What a start to the Conference!

Robert Bateman opened the 2011 Responsible Investment Conference with an inspirational speech that was at times amusing, at times informative and always thought provoking.

Although, as would be expected from a renowned naturalist, his themes come from nature, those themes resonate in the world of SRI. Notably, thinking about the cost of things that today we deem free and the long term impacts of today’s often short sighted decisions. Mr. Bateman quoted Chief Seattle, ‘Man does not weave this web of life. He is merely a strand of it. Whatever he does to the web, he does to himself.’

He effectively used his paintings to illustrate points, beginning with Driftnet, showing a dead Pacific White-sided Dolphin and Lysan Albatross. ‘These drifting "walls of death" captured untold numbers of dolphins, whales, pelagic birds (birds of the open ocean), sharks and turtles, along with the targeted species.’ Shrimp is one of the worst offenders when it comes to bycatch, with an estimated ratio of about 6:1. This unfortunate fact led to many of us feeling too guilty to eat the shrimp at the reception later that evening. It is possible to reduce that bycatch ratio, but we would have to pay more for our shrimp. ‘Is it worth it?’, asked Mr. Bateman rhetorically, ‘Is it worth it to pay a little more for the future of our planet?’

‘You can pay now or you can pay later, but if you pay later, it’s going to cost a whole lot more.
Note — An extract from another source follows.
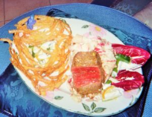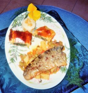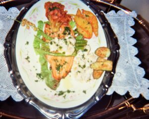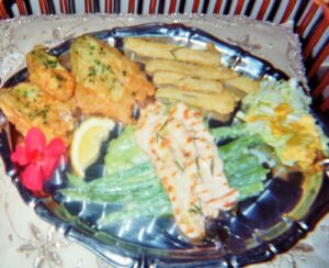 Settembre 11, 2015 RICETTE DI CUCINA articoli 400 admin LE RICETTE DI CASA MIA CENTOSESSANTOTTESIMA PARTE 11/09/2015 IN CUCINA CON AMORE E CON FEDERICA ELENA Vogliamo parlare di cibi diuretici? MOLTO IMPORTANTI PER LA NOSTRA SALUTE, IN SPECIAL MODO PER ALCUNI DISTURBI E PATOLOGIE. Oltre al tè, esistono anche molti cibi che hanno proprietà diuretiche: asparagi, zucca, porri, cavolo, crescione, finocchio, cipolla, pompelmo, (specie se mangiato al mattino a digiuno, questo però dovete chiederlo al vostro medico perché il pompelmo ostacola l’inibizione di alcuni farmaci), mele, rape, rapanelli, zucca, zucchine, uva, ananas, ciliege. Per ciò che riguarda le tisane diuretiche si trovano negli articoli ” le mie tisane e del dott. Robert “. Tutti questi cibi sono ottimi diuretici naturali e aiutano a prevenire la cellulite. Della cellulite ne parleremo nel prossimo articolo. Ora passo alla ricetta di oggi. ROMBO IN SALSA NUOVA Ingredienti: acquistiamo i rombi che ci servono, (questo che vedi nella foto è un rombo medio piccolo), erba cipollina, prezzemolo, cerfoglio, sale pepe, limone, fiori di zucca, farina, latte e pangrattato, patate, olio di arachidi, parmigiano grattugiato, fiori di zucca, asparagi, finocchi rosmarino, salsa verde della casa ( mela verde, limone, aceto di agrumi , maionese casalinga leggera, olio extra vergine d’oliva). Esecuzione: puliamo bene il rombo, lo sfilettiamo, lo mettiamo a marinare per qualche minuto in olio pepe e una spruzzatina di limone. Nel frattempo puliamo gli asparagi, li sbollentiamo, poi andranno in casseruola per alcuni minuti, li togliamo ancora al dente e li condiremo con qualche cucchiaio di salsa; adesso mettiamo i finocchi a lessare, dopo di che andranno in forno pennellati con l’olio e con una manciata di parmigiano grattugiato, sale e pepe. Siamo arrivati ai fiori di zucca che laviamo bene delicatamente, li farciremo con un impasto di rombo tritato, erbe e pangrattao, li immergeremo nel latte, nella farina, e ancora nel pangrattato, andranno poi nella teglia da forno unta sopra ai fiori faremo scivolare qualche goccia di olio, poi, a 170° per 15 minuti. Abbiamo le patate grosse, tagliate con uno spessore di circa un cm e di una lunghezza di dieci cm, le mettiamo in pastella e le friggiamo con l’olio di arachidi; adesso ci sono rimasti solo i filetti del rombo: li togliamo dalla marinatura e subito li grigliamo con cura. Impiattiamo, ed ecco il risultato nella foto sopra. FEDERICA Bello, bellissimo che viene fame solo a vederlo, ma è molto laborioso. ELENA Non se lo fai prima con la mente! Prova e vedrai. FEDERICA Mi daresti un anticipo sulla ricetta di domani? Ti dedico la canzone di Renato Zero: I Migliori Anni. A domani! ELENA Domani ti cucinerò un filetto al sangue che ho cucinato per due miei parenti nuovi perché gli altri non amano la carne al sangue e nemmeno io, però è venuta bene come la volevano loro. 12/10/2015 ELENA Eccoci qui per la ricetta che ti ho promesso. FILETTO AL SANGUE IN CONTORNO DI CATALOGNA IN PASTELLA Ingredienti: filetto che serve, olio extra vergine d’oliva, pastella, salsa di zenzero, rosmarino, aglio, pepe, limone, aceto di mele, cerfoglio, spezie miste (noce moscata, cannella, chiodo di garofano), radicchio misto, catalogna, olio per frittura. Esecuzione: massaggiamo bene la carne con le spezie e il sale, possiamo lasciarlo intero o tagliarlo a fette di cm 2 e 1/2, facciamo una salsa con le erbe, l’aceto, il limone e l’olio. Nel frattempo puliamo bene la catalogna e il radicchio, tagliamo a listarelle i gambi della catalogna, li sbollentiamo e li immergeremo nella pastella, li friggeremo in olio che mantenga il punto di fumo; una volta fritto lo vogliamo bell’asciutto, poi lo mettiamo nel piattone accanto al filetto rosolato in casseruola con una punta d’olio, lasciato cuocere col coperchio per 5 minuti circa, poi lo adageremo sopra un letto di radicchio condito con salsa alle erbe. Ed ecco il piatto! FEDERICA A chi piace la carne ancora rossa è un piatto bellissimo ! Buon Week-end! 15/09/2015 FEDERICA Pensavo che fossi partita! Cosa mi cucini di bello? ELENA No, è ancora presto per la partenza. Oggi ti cucino il filetto di orata in un letto di verdure stufate, un soufflettino come decorazione del piatto e un contorno di tortino agli spinaci. FILETTO DI ORATA Ingredienti: orate, patate, peperoni, carote, alloro, zucchine, salvia, cipollotti bianchi, fontina, spinaci selvatici, aglio, olio extra vergine d’oliva, soufflé alla zucca. pangrattato, prezzemolo, limone, sale, pepe, vino bianco, brodo, parmigiano, zenzero. Esecuzione: laviamo le orate, le puliamo da tutto comprese le squame, le mettiamo con erbe, sale, pepe, olio e limone. Intanto prepariamo le verdure tagliate a pezzetti, le mettiamo a cuocere con il vino e con l’aggiunta di un mestolo di brodo, l’alloro, il peperoncino, aggiustiamo di sale, e dopo la cottura aggiungeremo il pepe e un cucchiaio di parmigiano grattugiato. Ora prepariamo una pasta brisé molto sottile, trifoliamo gli spinaci, li facciamo asciugare dal liquido e aggiungiamo la fontina a pezzi. Tiriamo la pasta, la riempiamo e chiudiamo i due lembi. pennelliamo con l’olio e inforniamo 180° per 15 minuti. Per ultima cosa cuciniamo bene la spigola togliamo i filetti dalla marinatura li mettiamo nel pangrattato e li mettiamo nella casseruola già calda riversi sulla parte interna, poi spegneremo il fuoco, aspettiamo un attimo che si stacchino da soli e li giriamo sulla parte esterna, che finiranno la loro cottura lasciando la crosticina croccante. Ora è il momento di fare il piatto. Ti piace? FEDERICA COME FACCIO A DIRTI DI NO, SAREI BUGIARDA! È un bellissimo piatto fatto con il cuore! 16/09/2015 ELENA Che dici? Un altro piatto di pesce? FEDERICA Vorrei fare un bollito speciale, leggero e diverso, come lo faresti? ELENA Ho la ricetta nuova per te! BOLLITO DI MANZO AL VAPORE Ingredienti: carne da bollito (polpa spalla o coscia) spezie miste (sale, pe

What if the land for Stanley Park had not been set aside, imagine the cost if you tried to buy Stanley Park today.’

However, no matter how dire the situation of planet Earth, Mr. Bateman doesn’t lose sleep over it, ‘It’s a sin against creation to worry about it. Do a simple three breath meditation, and then go outside and thank a tree, or even a dandelion.’
And then do something to make things better. Be a hummingbird. Mr. Bateman told us this story, popularized by Wangari Maathai. A terrible forest fire broke out one day, and all the animals fled their homes. But one hummingbird zipped over to a stream, got some water in its beak, and rushed back to the raging fire. The little hummingbird tried to douse the flames with a few drops of water, then back to the stream it flew to retrieve more water. The other animals watched in disbelief. They asked the hummingbird what it was doing – one tiny bird would not make a bit of difference. The hummingbird replied, “I'm doing the best I can.”

A fantastic grab bag of a speech: art, history, environmentalism, economics, humour and hope, even a verse of Big Yellow Taxi, you couldn’t ask for more.